In [17]:
import requests as req
from bs4 import BeautifulSoup
import pandas as pd
import numpy as np
import re
import time

In [2]:
# Fetch page
url_origin = 'https://www.glyphweb.com/esky/stars/'
response = req.get(url=url_origin)

# Parse the HTML content
soup = BeautifulSoup(response.text, features='lxml')
star_items = soup.find_all(attrs={'class':'index-item'}) # List of <\> with class='index-item'

In [68]:
def get_optimum_visibility_months(soup):
    # Get sections and their corresponding information
    star_sections = soup.find_all(attrs={'class': 'factboxCaption'})
    star_info = soup.find_all(attrs={'class': 'factboxValue'})

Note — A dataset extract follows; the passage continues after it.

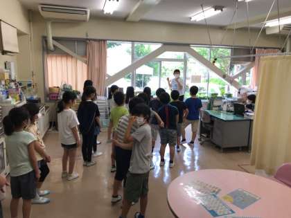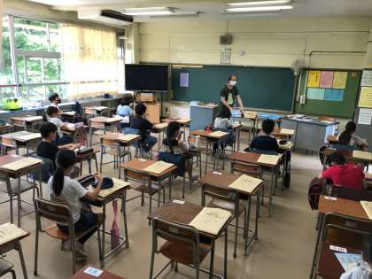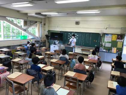 学校内を探検したり、配布物に名前を書いたり。こちらも静かに取り組んでいました。

    # Check if optimum visibility is available
    for section, info in zip(star_sections, star_info):
        if section.get_text() == 'Optimum Visibility':
            # Get months of optimum visibility
            months = info.get_text()
            
            # Remove additional information in parenthesis
            months = re.sub(pattern=r'\(.+\)', repl='', string=months)

            # Separate months into list elements
            months = months.split('/')

            # Remove additional whitespaces
            months = [month.strip() for month in months]

            # If only one month, return it duplicated (same initial and end month)
            if len(months) == 1:
                months.extend(months)
            
            return months
        
def get_star_names(soup):
    # Names are the first section's info
    names = soup.find_all(attrs={'class': 'factboxValue'})[0].get_text(strip=True)

    # Remove additional information in parenthesis
    names = re.sub(pattern=r'\(.+\)', repl='', string=names)

    # Separate names into list elements
    names = names.split(',')

    # Remove additional whitespaces and return
    return [name.strip() for name in names]

In [70]:
def star_dataframe(star_items):
    sleep_time = 5
    n_stars = len(star_items)
    stars_dict = {'name': [], 'url': [], 'visible_ini': [], 'visible_end': []}

    for idx,item in enumerate(star_items, 1):
        # Skip if name is already in the list
        check_name = item.get_text(strip=True)
        if check_name in stars_dict['name']:
            continue 

        # Track progress
        print(f'Processing star {idx} of {n_stars}...' +
               f'(Estimated time {round((n_stars-idx)*sleep_time/60, 0)} minutes)  ', end='\r') 
        
        # Extract info
        if item.find('a'):
            # Star url for more info (multiple names, visibility...)
            url_star = url_origin + item.find('a')['href']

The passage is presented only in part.